Los ilustrados cumplían
funciones en el templo, y este último además, hacía las veces de
palacio. Dentro del Barrio Sagrado, se encontraban los graneros y las
casas de los sacerdotes. Vivían en la metrópoli, cerca de cinco mil
personas, de las cuales, la mitad eran esclavos. Todo esto, claro
está, hasta el día que el templo ardió.
Javier vio en el sueño,
tres sacerdotes vestidos de campesinos, que cruzaban la zona lindante
del Barrio Sagrado, huyendo de las llamas y el humo. Él era uno de
ellos. Un entorno de caos y sublevación dominaba las calles: saqueos
y hurtos eran el denominador común.
-Han llegado hasta los
graneros – dijo uno de ellos.
-¿Son sólo esclavos? -
preguntó otro
-Deben de ser campesinos
y primitivos también.
-¿Primitivos hasta
aquí?
-Pues sí, los
primitivos han entrado por las puertas de la ciudad.
-¿Tú crees que ellos
han incendiado el templo?
-Pues sí, deben haber
sido ellos...
El almacén mayor no
logró cerrar sus portones antes de que los agitadores llegaran. Si a
eso se sumaba el asalto a los graneros, la ciudad se quedaría
pronto sin
sus
reservas
de trigo. Pronto se oyó un estruendo y se desmoronó el ala derecha
del templo, cercano a las casas de los sacerdotes. Asustados, los
tres personajes apuraron el paso.
-¿Y tú que piensas
Nipur?
Javier al que llamaban
Nipur permaneció callado.
-¿Todavía quieres
cruzar la puerta de la ciudad y marcharte?, preguntó el que tenía
más información.
Nipur asintió.
-Tú eres imprudente.
Debes esperar ¿Dime sino a que comarca irás?
-Me iré a la zona baja
de los pescadores.
A lo que siguió una
seguidilla de réplicas, exclamaciones y lamentos para con Nipur:
“Que tú
estás desequilibrado,
que los
primitivos te atacarán en el camino,
que sería
vivir como un nómade
y finalmente, que su
destino era vivir en la urbe”.
Nada lo hizo cambiar de
opinión, al llegar a la encrucijada de la Plaza de los Olivos, Nipur
se despidió de ellos sin escrúpulos y pasó bajo la puerta de la
ciudad.
Evocó su instrucción,
su aprendizaje, su educación junto a los ilustrados. Recordó a su
amada. Vio carretas huyendo con lo que él suponía eran tesoros
sacrosantos del templo. Observó muchos a pie que corrían con
alimentos, utensilios y bolsas de monedas.
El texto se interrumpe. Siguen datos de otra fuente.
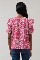 Introducing the Valen Top, the perfect addition to your wardrobe for keeping things flowy and effortless. This top features a tonal outlined floral print, a V-neckline, and a straight fit framed by ruched quarter length sleeves. Made from bubble crepe, it's the ideal top to wear tucked into high waisted trousers for a chic look. Available in Pink White. Size + Fit: Model is 5'9" and wearing size XS.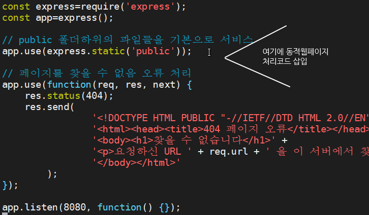 app.get() 함수를 사용하면 되는데요. 정적웹페이지 사용을 선언한 부분과 오류 처리 코드 사이에 배치해 주시면 됩니다.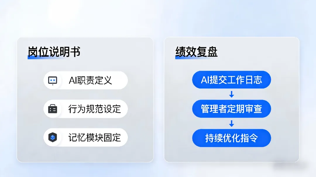岗位说明书:为每个AI定义职责,固定其行为规范和记忆模块。 绩效复盘:让AI提交工作日志,管理者定期审查,就像审阅员工日报,持续优化指令。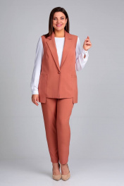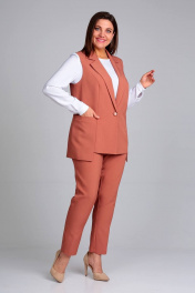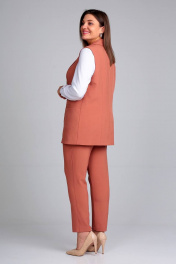 Деловой женский костюм 3 предмета жилет, брюки, блуза Liona Style 859 терракот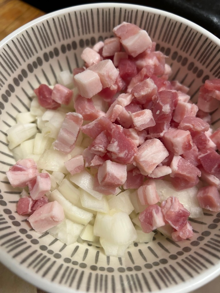 Mix the bacon lardons and diced onion together in a small bowl.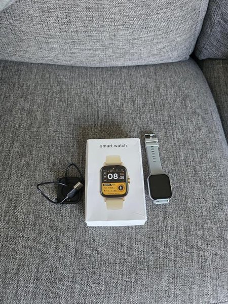 Smartklocka med digital display och grått silikonarmband. Klockan kommer med en laddare. Perfekt för att hålla koll på tid, steg och kalorier.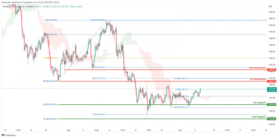 ETH/USD: ожидается формирование бычьего импульса. Прогноз на 6 октября 2022ИнстаФорекс - Instaforex, 3 года назад На 4-часовом графике пара ETH/USD торгуется в медвежьем тренде. Однако цена закрылась выше Облака Ишимоку, что указывает на то, что рынок вскоре может стать бычьим. Последние три недели цена консолидировалась в области 1-го уровня поддержки 1279.54. Ожидается, что цена продолжит рост к 1-му уровню сопротивления 1420.74, который соответствует предыдущему уровню свинг-лоу. Рекомендации по торговле Вход: 1437.69 Условия для входа: пересечение уровня коррекции Фибоначчи 38.2% и уровня расширения Фибоначчи -61.8% Тейк-профит: 1193.06 Условия для фиксации прибыли: уровень расширения Фибоначчи 161.8% Стоп-лосс: 1520.00 Условия для активации ордера стоп-лосс: чуть выше уровня коррекции Фибоначчи 50% Материал предоставлен компанией InstaForex - www.instaforex.com |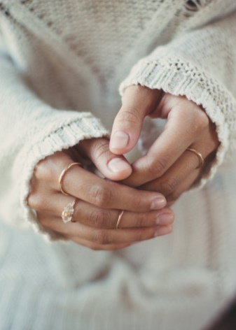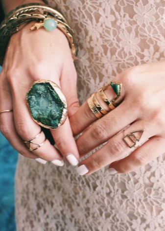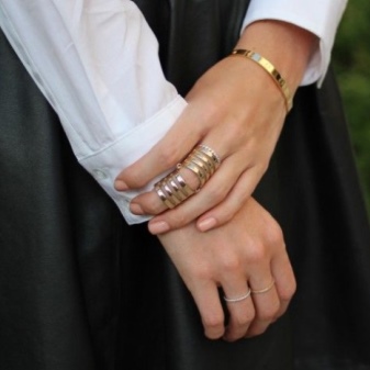 In addition, some external data should be taken into account when choosing: a narrow ring with a vertically extended decor will suit a girl with small fingers, and large rings with asymmetric decor of different shapes will suit the young ladies with full handles.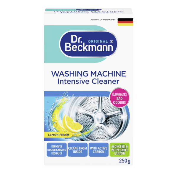 Valo mašiną iš vidaus. Šalina nemalonų kvapą ir nešvarumus. Skalbimo mašinoje gali kauptis plika akimi nematomos purvo dalelės ir skalbimo priemonių likučiai. Laikui bėgant, dėl šių likučių gali pablogėti skalbimo mašinos veikimas. Dr. Beckmann skalbimo mašinų valiklis sukurtas specialiai skalbimo mašinos vidui (būgnui, žarnoms, kaitinimo elementams ir kitoms sunkiai pasiekiamoms dalims) valyti. Tik švarioje skalbimo mašinoje išplauti skalbiniai yra švarūs ir gaivaus kvapo. Jūsų skalbimo mašinai apsaugoti ir prižiūrėti rekomenduojame naudoti priemonę reguliariai (kas 2–3 mėnesius, priklausomai nuo to, kaip dažnai mašina yra naudojama). Naudojimas: supilkite pakelio turinį (250 g) tiesiai į skalbimo mašinos būgną, paleiskite pagrindinį mašinos ciklą (mažiausiai 60 °C) be jokių skalbimo priemonių. Nenaudokite pirminio skalbimo programos, po šios valymo procedūros galite vėl skalbti mašinoje kaip įprastai. Sudėtis: 15% arba daugiau, bet mažiau kaip 30% deguonies pagrindo balinimo priemonių, mažiau kaip 5 % zeolitų, kvapai, Hexyl Cinnamal. Pavojinga! Smarkiai pažeidžia akis. Jei reikalinga gydytojo konsultacija, su savimi turėkite produkto talpyklą ar jo etiketę. Laikyti vaikams neprieinamoje vietoje. Mūvėti akių apsaugos priemones, naudoti veido apsaugos priemones. PATEKUS Į AKIS: atsargiai plauti vandeniu kelias minutes. Išimti kontaktinius lęšius, jeigu jie yra ir jeigu lengvai galima tai padaryti. Toliau plauti akis. Nedelsiant skambinti į APSINUODIJIMŲ KONTROLĖS IR INFORMACIJOS BIURĄ, kreiptis į gydytoją. Produkte yra Dinatrio karbonatas, junginys su vandenilio peroksidu (2:3); Silicio rūgštis, natrio druska.

Por último, miró el
templo ardiendo en lo alto de la ciudad, y sintió cómo se
incendiaban todos los valores religiosos y gran parte de la cultura
opresiva.
Caminó solo, hasta que
se hizo de noche, encontró un campamento y durmió al raso pero bajo
la protección de carretas y animales. Al día siguiente se unió a
la caravana, que bordeaba el estuario del rio y en un desvío la
dejó, desandando el camino que tan bien conocía, hacia su hogar. La
zona baja de los pescadores seguía siendo como siempre, una pequeña
aldea. Un centenar de casas agrupadas alrededor de un estrecho muelle
en esa península con olor a pescado y mucho barro. Vio las balsas
junto a la costa pedregosa. Nipur sonrió. Había pasado cinco años
de estudio, y un segundo lustro como sacerdote.
Diez
temporadas atrás, los escudos rojos de la ciudadela se habían
presentado en la aldea exigiendo toda la redada. Ante la negativa de
aquellos primitivos pescadores, que no supieron negociar por su vida,
los escudos rojos habían incendiado la aldea y matado a los que
tenían a su alcance, llevándose el botín de pesca. El mismo Nipur,
escondido detrás de maderos humeantes presenció la muerte de su
amada. Desde entonces, hasta el día que el templo ardió, se había
dedicado minuciosamente en urdir su venganza.
Ahora,
los pescadores, amarraron las barcazas y sus ocupantes se sumaron a
una de las varias hogueras encendidas en honor a él, su Campeón, el
que había vengado el asalto a sangre y fuego, la matanza
indiscriminada sucedida años atrás, el que había incendiado el
Templo. Lo sorprendieron con el agasajo, tomó un brebaje de uvas que
lo mareó, su mente se llenó de imágenes confusas, no las entendía,
se veía en un cuarto blanco con aberturas cubiertas con telas
transparentes que se movían con el aire nocturno y cuando Nipur se
asomó a una de ellas vislumbró su tierra, iluminada de manera
extraña y en la orilla muchas embarcaciones pintadas con colores
estridentes. Una mujer hermosa dormía a su lado. Le pareció
reconocer a Lea. Sus dioses se la habían devuelto como premio a su
osadía y perseverancia. Acarició su cuerpo y ella le regaló una
sonrisa dormida. Javier se volvió a dormir y soñó que le tiraban
agua a la cara, se despabiló y se encontró nuevamente con sombras
barbadas que terminaban de limpiar los restos de besugos que habían
estado asando. La música del despertador lo volvió finalmente a la
última realidad.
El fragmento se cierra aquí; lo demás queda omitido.